Higher numbers (not used) are 4D NOESY projection sets, with projection definitions in directories 4139, 5146, 6153, 7160

Procedure:

- Go to Hist_data_all

- Open Analysis

- Create empty project (Projects->New)

- Go to Experiments->Open Spectra, set format to Bruker.

  Set directory to Hist_Data_All (if you are not there already)

  Open 107/1/pdata/1/procs, the 15N  HSQC spectrum. (NB it is shown directly, below the directories). Change the Experiment name from Bruker_107 to something sensible, like Nhsqc, and click [Open Spectrum]

- Check the verification dialogs, but everything is OK.

  Since this is a standard Bruker type ulse sequence, the Experiment Type is determined automatically.

- Pick its peaks for future use, with Ctrl-Shift-Leftmouse, in the window that pops up. You will definitely need the peaks above 8.8ppm.

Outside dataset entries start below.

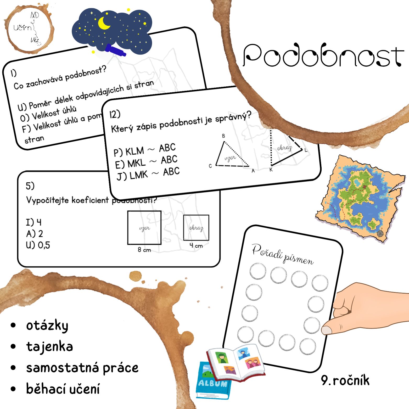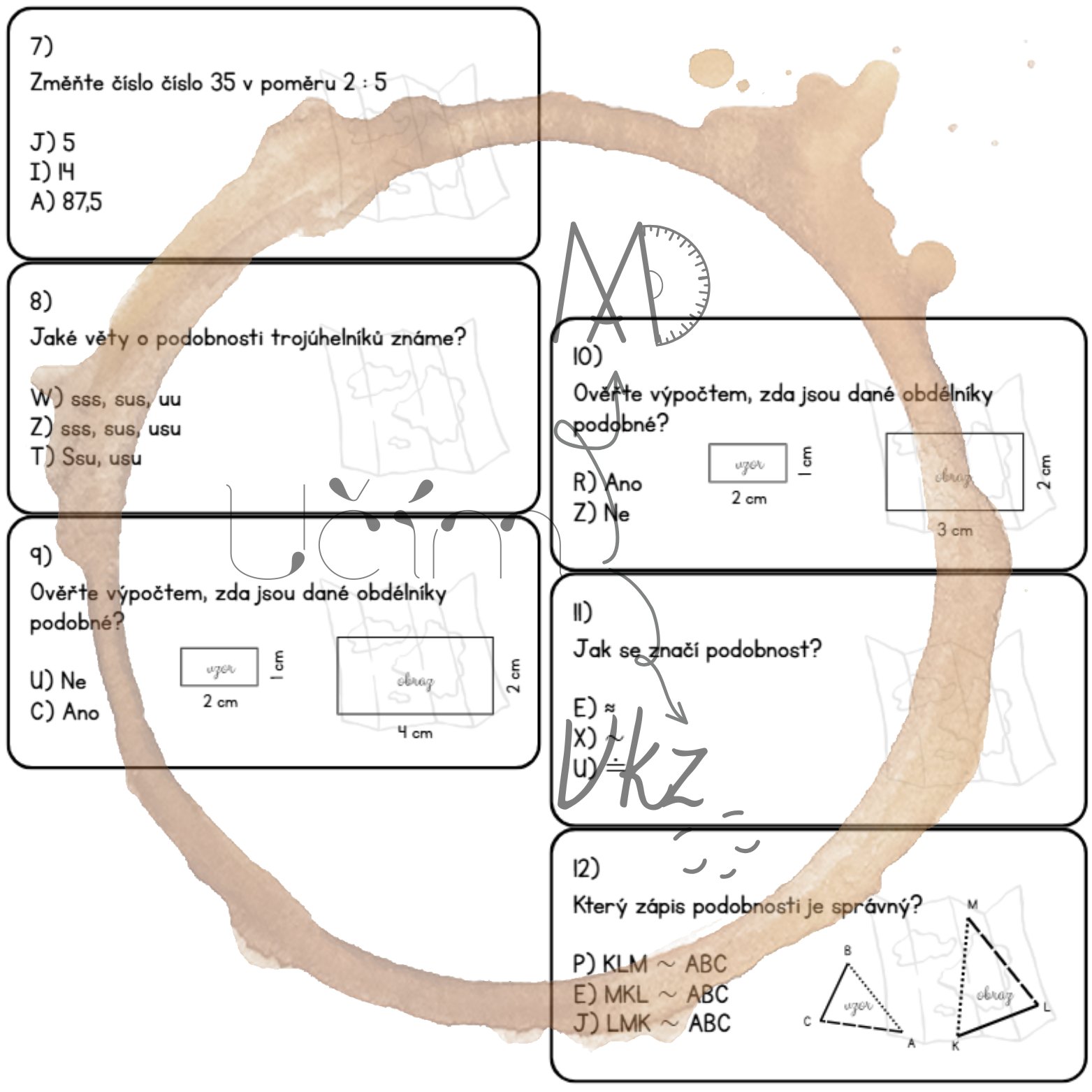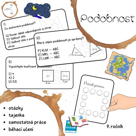 Materiál obsahuje 12 příkladů na podobnost (teorie i příklady). Materiál je zpracovaný formou Treasure Hunt zaměřené na využití pohybu ve výuce.
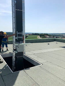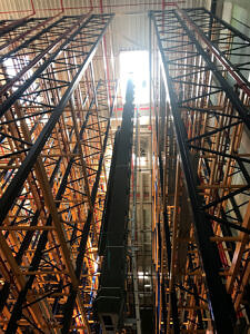 Die 17 Meter hohen Regalbediengeräte des Neubaus wurden über eine Dachöffnung in das Gebäude eingebracht.
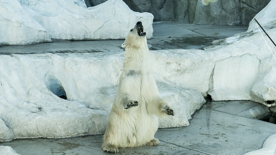 白熊の餌付けに立ち会えた。
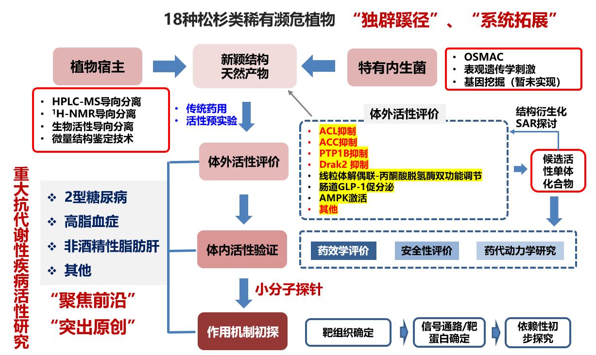 Based on the above research background, this project “focused on preclinical research” and “highlighted originality,” selecting 18 endemic rare and endangered conifer species in China to conduct systematic and in-depth chemical composition research on the secondary metabolites of these plants and related endophytes. It also evaluated the activity and related mechanism of action around high-druggable new targets/multi-targets (such as ACL, ACC, DRAK2, and PTP1B) that can regulate glucose and lipid metabolism disorders to discover lead compounds for new drugs that can treat major metabolic diseases (Figure 7).
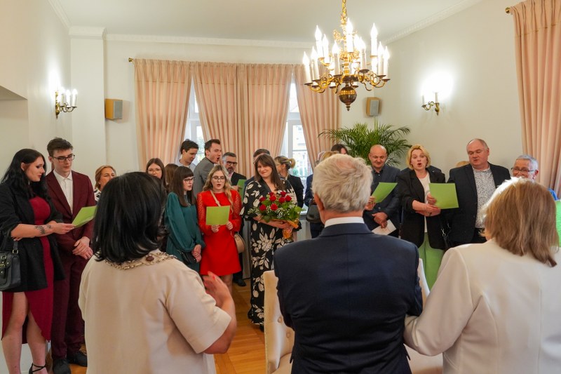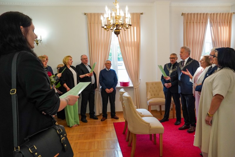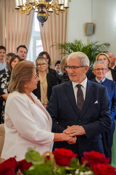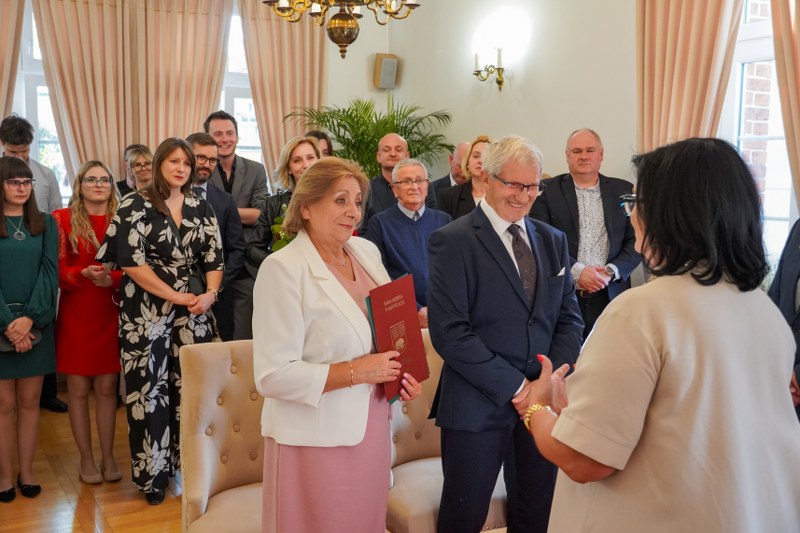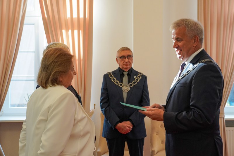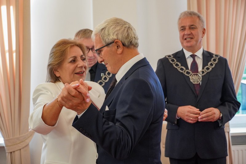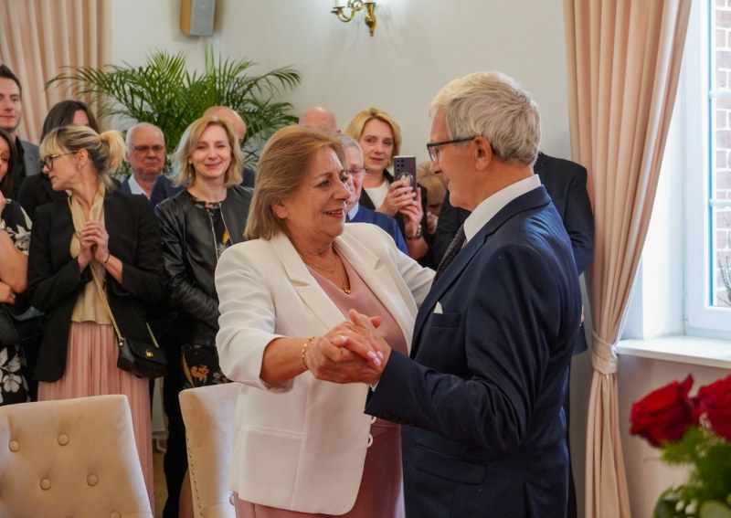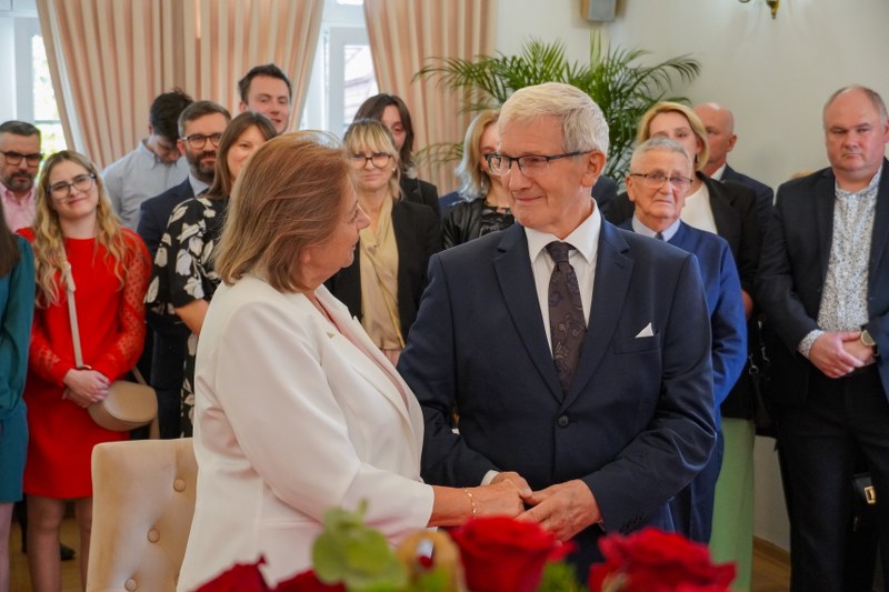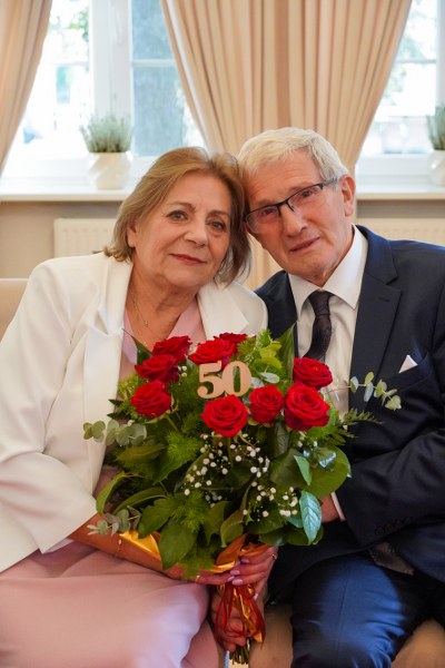 Uroczystość rozpoczęła się tradycyjnie od Marsza Mendelssohna, który przypomniał Jubilatom dzień ich ślubu sprzed pół wieku – 6 września 1975 roku. Szczególne, wzruszające słowa do Jubilatów skierowała Renata Trembowelska – Kierownik Urzędu Stanu Cywilnego w Barwicach, prowadząca ceremonię. Podkreśliła, że wspólne życie to nie tylko chwile pełne radości, lecz przede wszystkim codzienny trud, wzajemne wsparcie i szacunek.
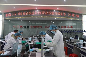为积极响应国家政策,稳步推进“1”和“X”的有机衔接,将证书培训内容及要求有机融入专业人才培养方案,推动国家级双高专业群建设,2021年12月4日,教育部1+X可食食品快速检验职业技能等级证书(中级)考试在广东轻工职业技术学院南海北区第四实训楼顺利举行。本次考试采用电脑机考的形式,主要考核内容分为客观理论和主观实操两部分。考场环境干净整洁,物品排放井然有序。考场内,监考老师们认真严谨、恪尽职守,同学们安静沉着、有条不紊。
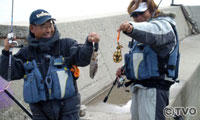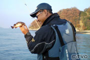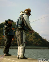 初日の午後、松山からフェリーで中島に到着した2人は、とるものもとりあえず漁港に向かい竿を出した。堤防際を覗くと、カサゴ、スズメダイ、グレ、メバル…魚がびっしり。2人は、ソフトルアーをちょんちょん躍らせ誘う。やがて村越がメバルをヒット。
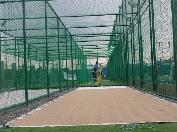 Complete setup of box cricket nets, practice nets, cricket turf pitches, and sports enclosures using professional-grade materials.
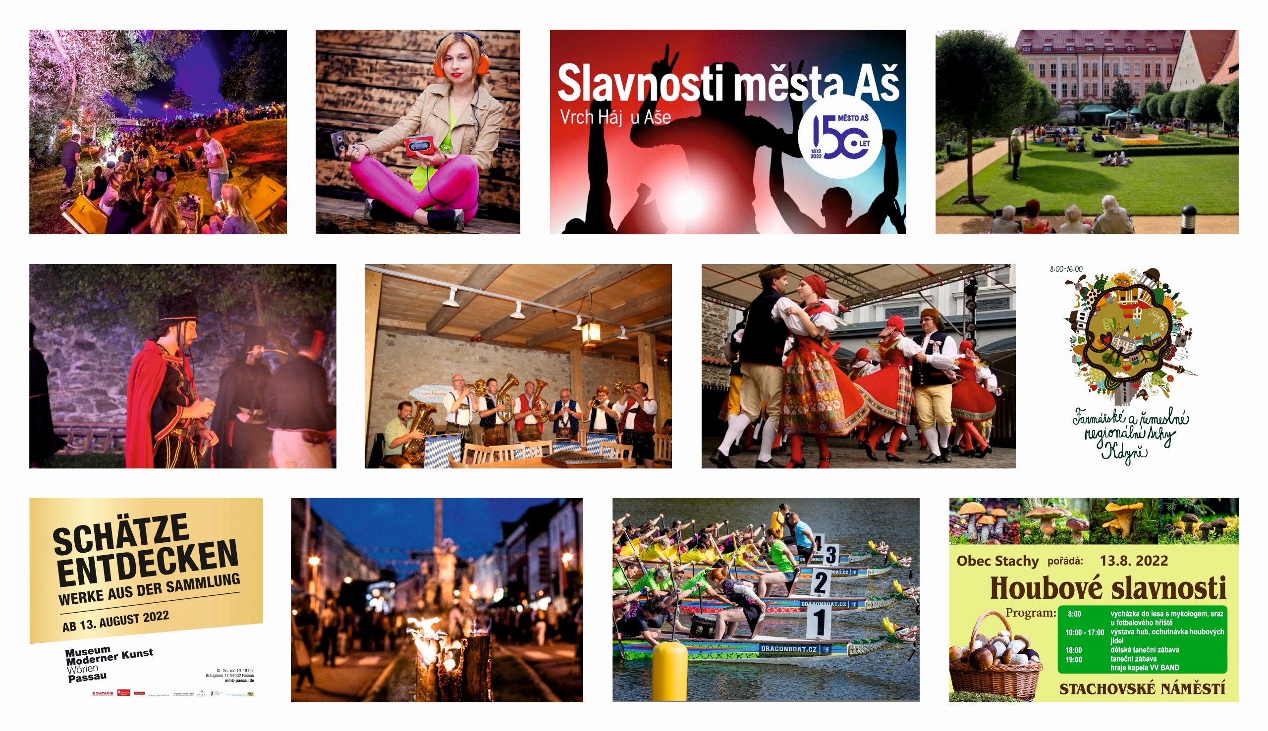 Víkendové slavnosti města Aš jsou jednou z největších kulturních akcí v Karlovarském kraji. Na bohatý kulturní program a našlapanou hudební stage se všichni návštěvníci mohou těšit v pátek 12. srpna 2022 od 12:00 hodin. Na pódiu vystoupí zvučná jména české i slovenské scény jako Pokáč, Čechomor, Michal Hrůza, Kpt. Demo No Name nebo Tereza Mašková.
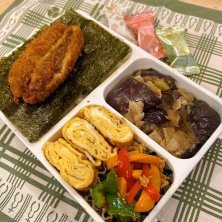 息子の弁当 おはようございます☀️ 昨日は『県民の日』で休校でした〜。 子供が〝学校〟に行っていなければ通り過ぎちゃう日‥‥数年前はディズニーランドDAYって認識だったなぁ☺️ 金曜日🟰のり弁の日 ・カレーコロッケ ・豚と茄子のみぞれ和え ・玉子焼き ・ツナとピーマン炒め
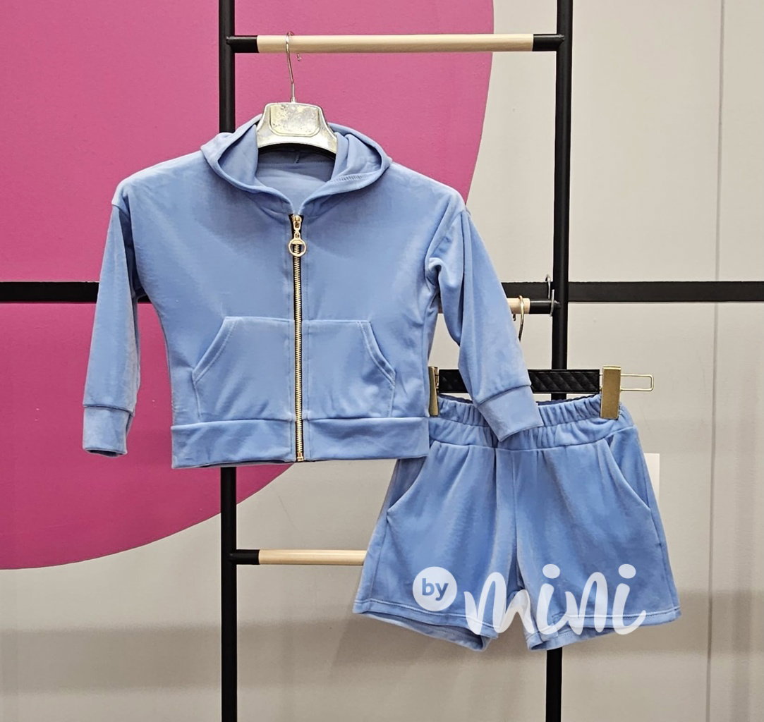 Soft velur mikina + šortky baby blue

The projections are stored as individual spectra, each with location, spectral width, referencing, scaling constants, etc. Each projection set is stored as separate spectra under a single experiment. The loading script reads the overview file to identify the spectra, loads the first one and allows you to edit parameters. It then loads the rest of the projections with the same parameters.

- Run Macro->loadProjDefinitionFile from main Macro menu.

  - If the macro is not there, go into Macro->Organise Macros

    - click Add Macro

    - Select ccpnmr/analysis/macros/OpenProjectionSpectra.py

    - select function loadProjDefinitionFile

    - click Load Macro

    - Find loadProjDefinitionFile at the bottom in the Macros tab, and set

    'In main menu?' to Yes

    - Now run Macros->loadProjDefinitionFile

- First select Hist_data_all/1110/prodecomp.txt

- Set Experiment name to HCBCACONNH

- You now get the 'Verify Referencing' popup for the first projection.

  Make sure that 'Use reduced dimensionality options' is On.

  Check if the values make sense and correct them.

  Most of the data are taken from the Bruker files directly. Only the dimension names, the scaling factors, and file locations are taken from prodecomp.txt.

  File names given in prodecomp.txt are adjusted inteligently when the whole project has moved. If this fails you need to edit the prodecomp.txt file.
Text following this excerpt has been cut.